# [About this exercise]
What you write must match, character for character, the lines from the one with "Выведем изменений символ" down to the one with "Je découvre tranquillement" in the listing below, minus its pictures.

# [The data]
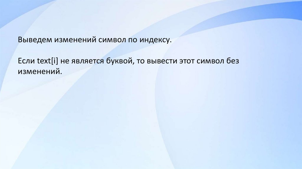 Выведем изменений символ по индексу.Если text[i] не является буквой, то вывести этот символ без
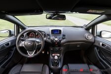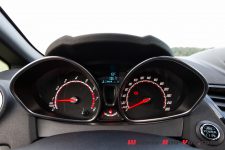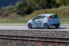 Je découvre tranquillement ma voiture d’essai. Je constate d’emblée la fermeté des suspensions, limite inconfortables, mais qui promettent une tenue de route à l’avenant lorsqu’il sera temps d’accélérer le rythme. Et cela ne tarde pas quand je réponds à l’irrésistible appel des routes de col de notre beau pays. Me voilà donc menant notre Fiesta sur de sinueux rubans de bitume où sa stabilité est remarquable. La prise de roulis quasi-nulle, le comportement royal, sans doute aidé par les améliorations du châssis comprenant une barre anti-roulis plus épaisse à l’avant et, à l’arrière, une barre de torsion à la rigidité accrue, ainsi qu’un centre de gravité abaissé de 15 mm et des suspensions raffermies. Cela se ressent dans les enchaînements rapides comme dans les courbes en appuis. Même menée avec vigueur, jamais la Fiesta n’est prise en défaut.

---

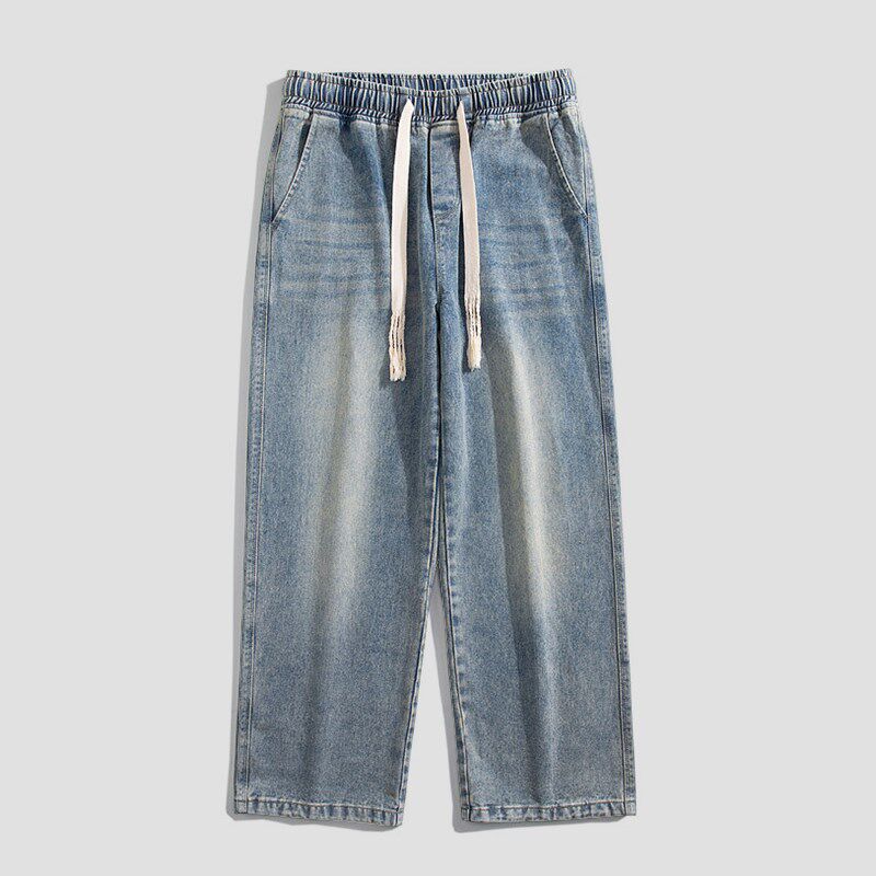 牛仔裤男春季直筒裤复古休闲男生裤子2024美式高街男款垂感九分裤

# [Finished task]
 Выведем изменений символ по индексу.Если text[i] не является буквой, то вывести этот символ без
 Je découvre tranquillement ma voiture d’essai. Je constate d’emblée la fermeté des suspensions, limite inconfortables, mais qui promettent une tenue de route à l’avenant lorsqu’il sera temps d’accélérer le rythme. Et cela ne tarde pas quand je réponds à l’irrésistible appel des routes de col de notre beau pays. Me voilà donc menant notre Fiesta sur de sinueux rubans de bitume où sa stabilité est remarquable. La prise de roulis quasi-nulle, le comportement royal, sans doute aidé par les améliorations du châssis comprenant une barre anti-roulis plus épaisse à l’avant et, à l’arrière, une barre de torsion à la rigidité accrue, ainsi qu’un centre de gravité abaissé de 15 mm et des suspensions raffermies. Cela se ressent dans les enchaînements rapides comme dans les courbes en appuis. Même menée avec vigueur, jamais la Fiesta n’est prise en défaut.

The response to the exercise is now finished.